Next 2017 tours: Tue 9 May (1.30pm), Wed 26 July (11.30am), Wed 16 Aug (11.30am).
Meet: Outside the Whitworth Art Gallery, Oxford Road.
Behind the chaotic, cardamom-coated world of the Curry Mile lie the remains of a luxurious, tree-lined estate of Gothic villas created in the 1830s for Manchester’s burgeoning middle class away from noise and smell of factories.
Victoria Park is still the most fascinating suburb in south Manchester, its shabbiness and faded glamour only adding to the mystique. It is also the location of the city’s most remarkable looking building, Edgar Wood’s expressionist 1st Church of Christ Scientist on Daisy Bank Road (top left).
Victoria Park was created by Richard Lane, a fundamentalist Classical architect who surpassed himself in helping fill this prototype garden village with spacious properties brimming with character and charm. The houses have Classical or Gothic effects, are topped with lofty chimneys, set on wide, gently curving tree-lined roads and back onto rambling gardens. Originally, there were toll gates at the borders to thwart undesirables, no pubs were allowed and police only had limited powers of arrest within.
By the late 19th century Victoria Park had become what the great Manchester Guardian journalist Neville Cardus once memorably described as a “sequestered purlieu”. A number of the wealthy residents were German-Jewish merchants who owned businesses in town, men like Maurice Spiegelberg and Schill Seebohm, but there was also a smattering of prestigious figures from the arts and politics: Charles Halle, founder of the Halle Orchestra (on Daisy Bank Road’s Addison Terrace), the “Manchester School” political leader Richard Cobden (Crescent Gate), and the Pankhurst family (Buckingham Crescent).
In the 1880s Manchester University began buying up some of the larger houses for halls of residence, a move that characterised the future direction of the estate. After the Great War it became clear that successful Mancunians, the kind who once vied for the best houses, were now preferring Bowdon or Didsbury. Properties were left empty or turned into flats, and more and more buildings were taken over by academia. A main road (Anson road) was cut through the area and in 1938 the toll gates were removed, resulting in a Victoria Park with little permanent community and few willing to care for it.

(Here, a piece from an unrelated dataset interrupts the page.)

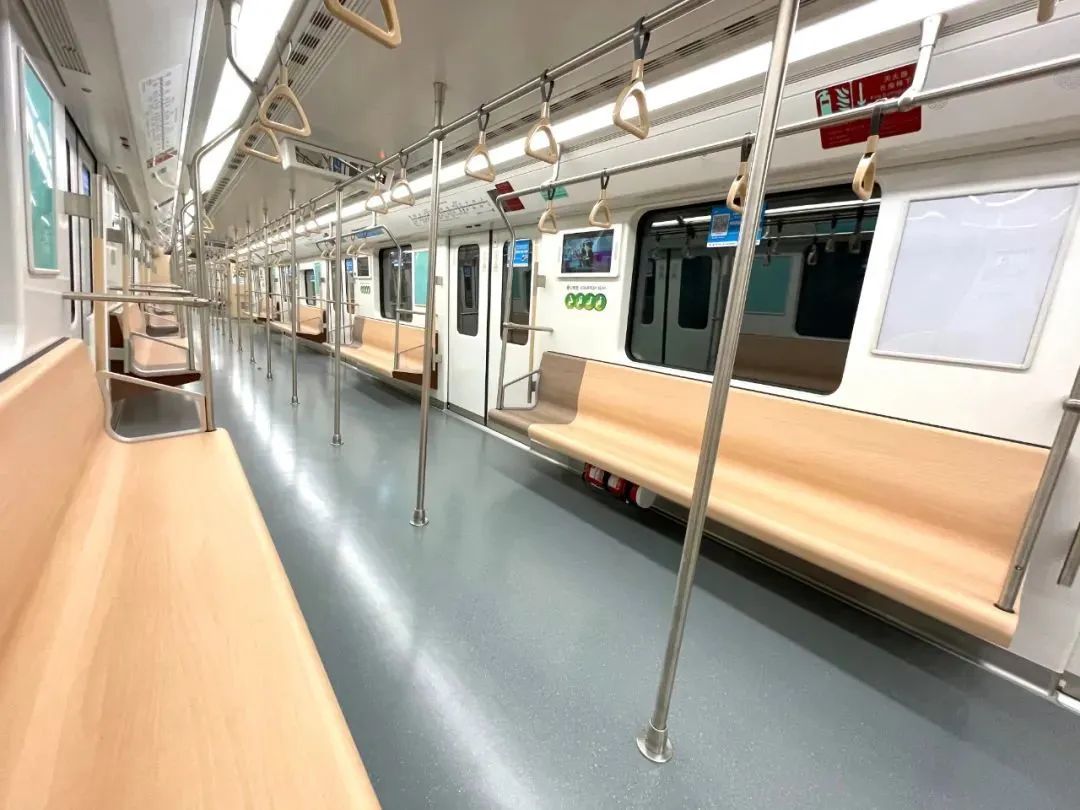 配置了可视化的紧急对讲系统和交互式门解锁功能,使控制中心可清晰看到对讲乘客情况,更精准地指导乘客;升级了通风系统,增大了出风范围,使乘客能够体验到无风感、无温差的舒适乘坐环境;车厢大面积采用木纹内饰,彰显温度地铁的人文关怀。

Surprisingly decline and demolition have not been as rampant here as in other parts of Manchester, despite the departure of its once affluent population. Many of the most imposing properties still stand and the 19th century street pattern remains, leaving Victoria Park as one of the least Manchester-like areas of the city.
Daytime walks usually finish at Victoria Baths (picture top right), an Edwardian water palace, lovingly restored in recent years, for the open day (but please check it’s open on the day of our walk).